Your task: In the records that follow, find the line containing "Puesta de sol" and the line containing "autorise toutes les", then transcribe both and every line between them exactly, omitting pictures.

Dataset extract:
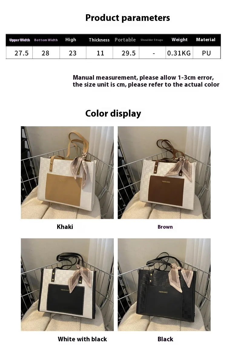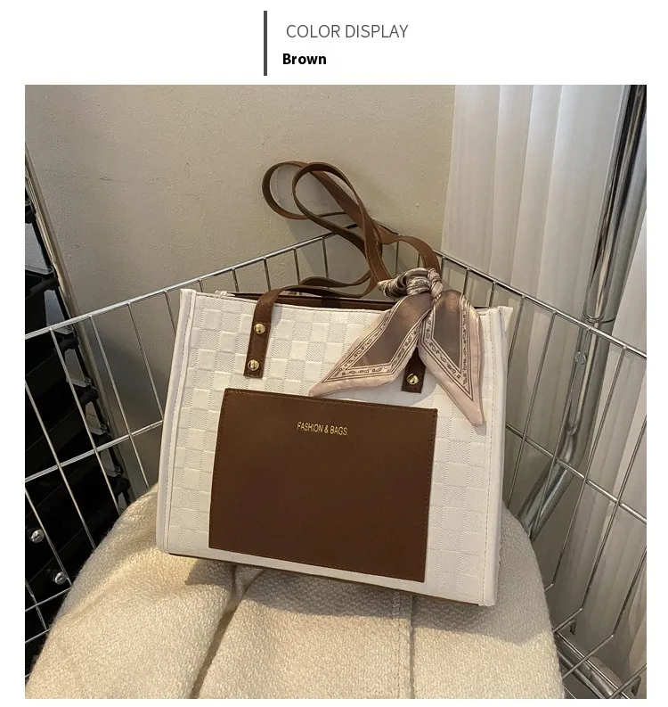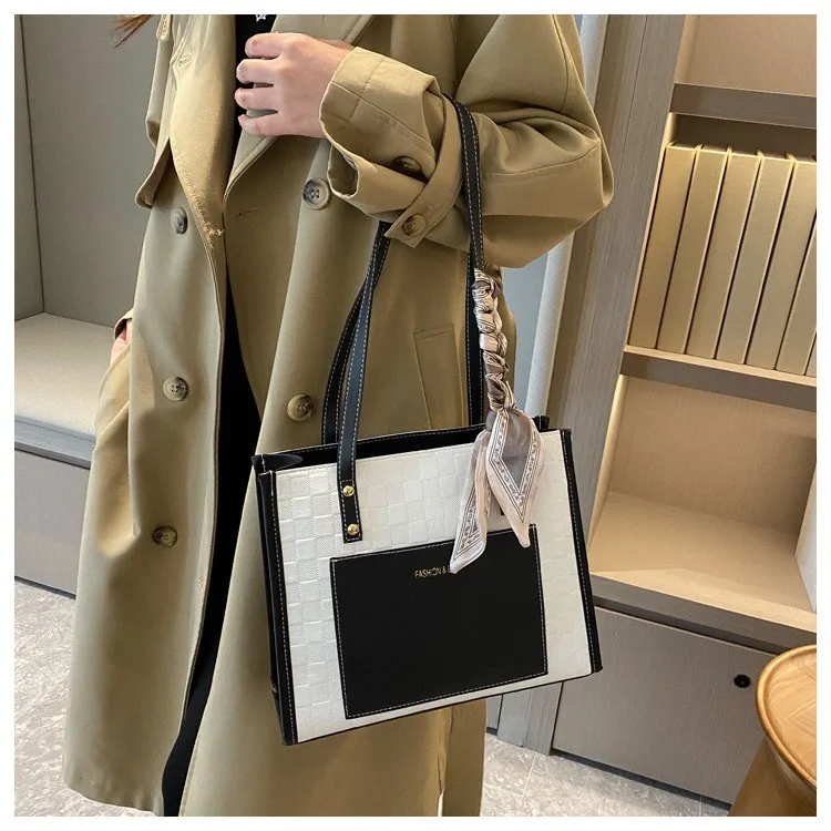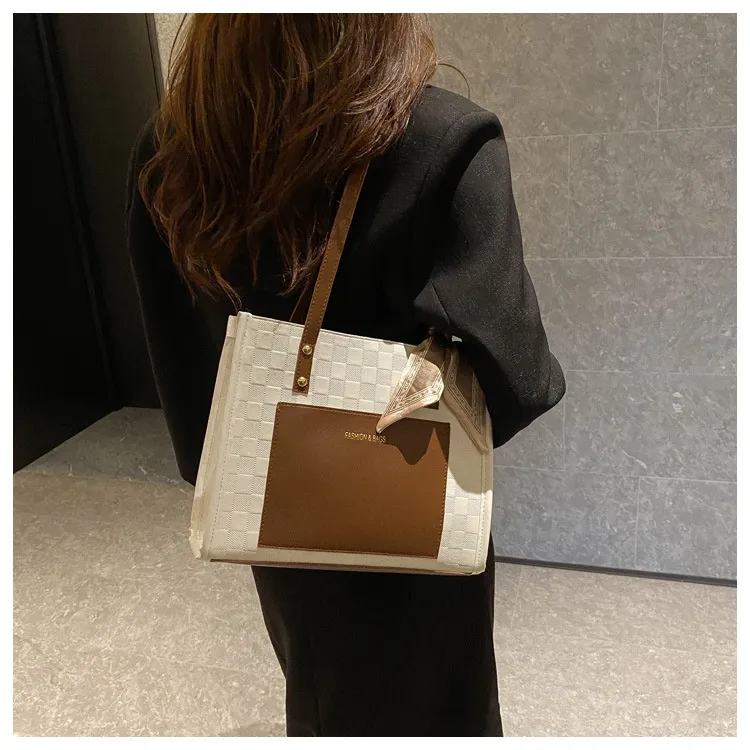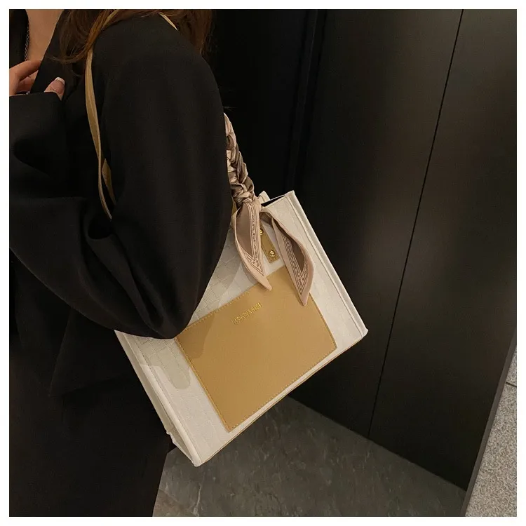 Contrast Color One Shoulder Underarm Tote Big Bag Korean Style Fashion Crossbody
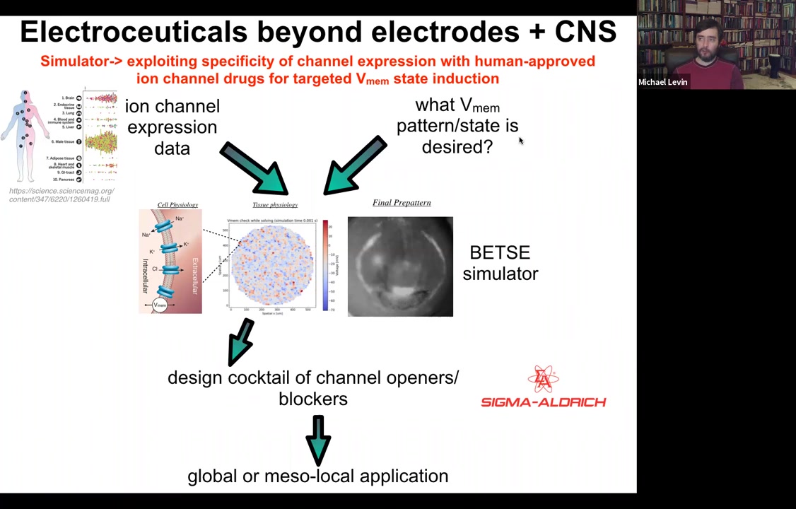 This needs a lot more work: if you knew what the voltage pattern was supposed to be in various healthy tissues under various conditions. Physiomic profiling is needed. Then we have this computational simulation engine, which is able to say, if you want to go from the incorrect pattern to the correct pattern, which of these channels you would have to open and close. That tells you immediately what cocktail of ion channel drugs you would need to use.
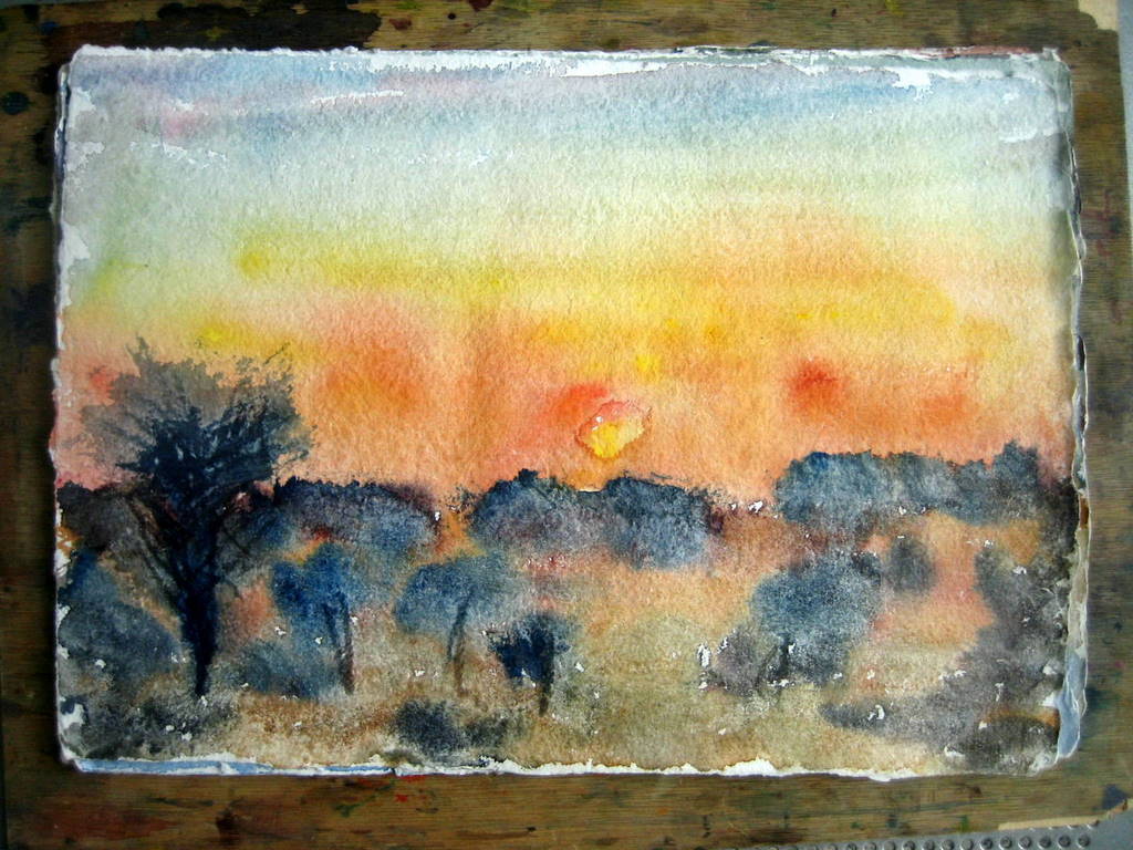 Puesta de sol en Timbuktu, acuarela 35x25 cm |
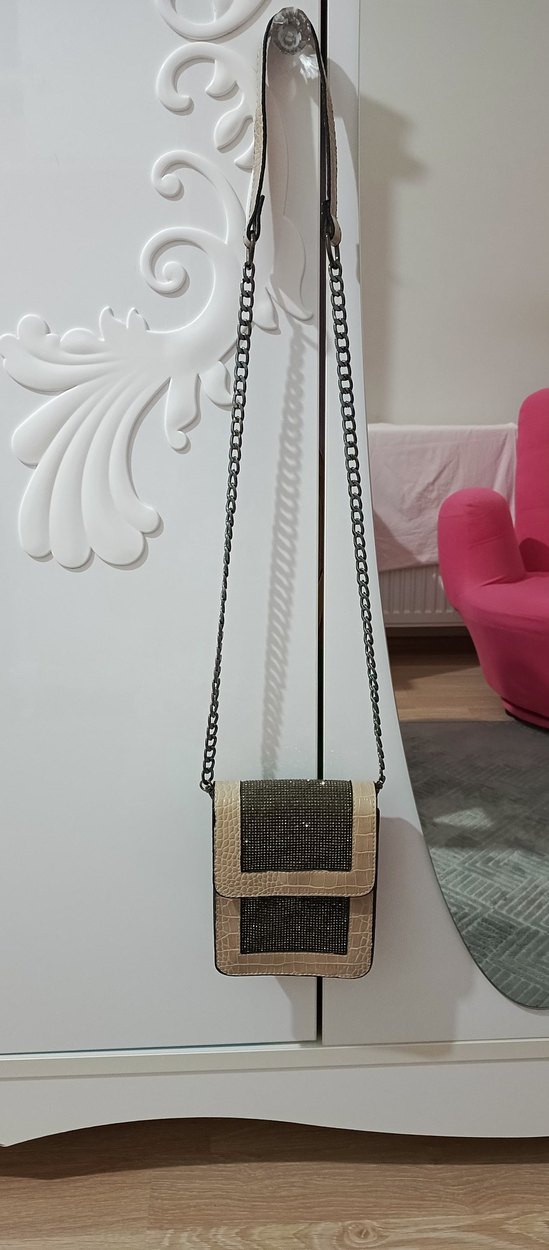 Bej deri yılan desenli, zincir detaylı çanta. Günlük kullanıma uygun, çağdaş ve sokak stiline uygun trendy bir model.
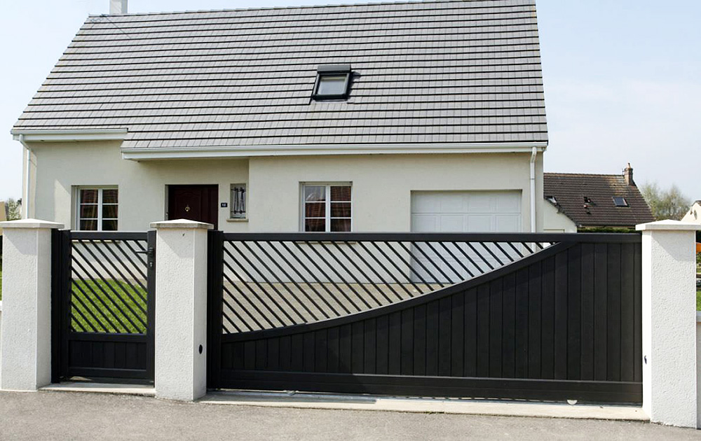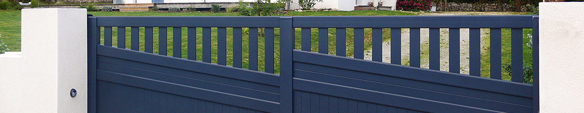 autorise toutes les formes de traverses : chapeau de gendarme, cintrée ou droite, et permet tous les types de remplissage. Il se pose avec reprise de l’existant ou par adjonction d’un poteau en aluminium assorti au portail. Il se monte sur pivots, paumelles ou gonds et est motorisable.
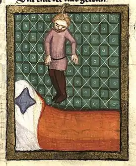 ![]() Самоубийство Ахитофела. Миниатюра из «Всемирной хроники» Рудольфа Эмсского. | |
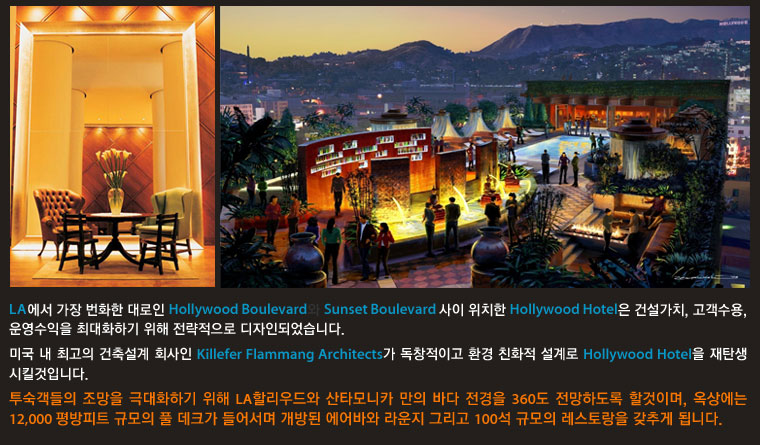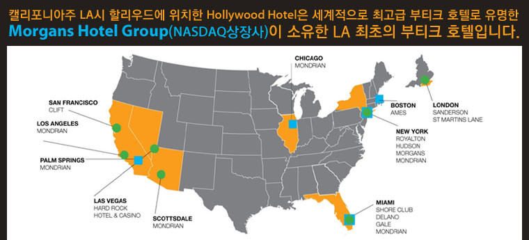 캘리포니아주 LA 헐리우드에 위치한 헐리우드 호텔은 세계적으로 최고급 부티크 호텔로 유명한 MORGANS HOTEL GROUP (NASDAQ 상장사)이 소유한 LA 최초의 부티크 호텔입니다.

Task answer:
 Puesta de sol en Timbuktu, acuarela 35x25 cm |
 Bej deri yılan desenli, zincir detaylı çanta. Günlük kullanıma uygun, çağdaş ve sokak stiline uygun trendy bir model.
 autorise toutes les formes de traverses : chapeau de gendarme, cintrée ou droite, et permet tous les types de remplissage. Il se pose avec reprise de l’existant ou par adjonction d’un poteau en aluminium assorti au portail. Il se monte sur pivots, paumelles ou gonds et est motorisable.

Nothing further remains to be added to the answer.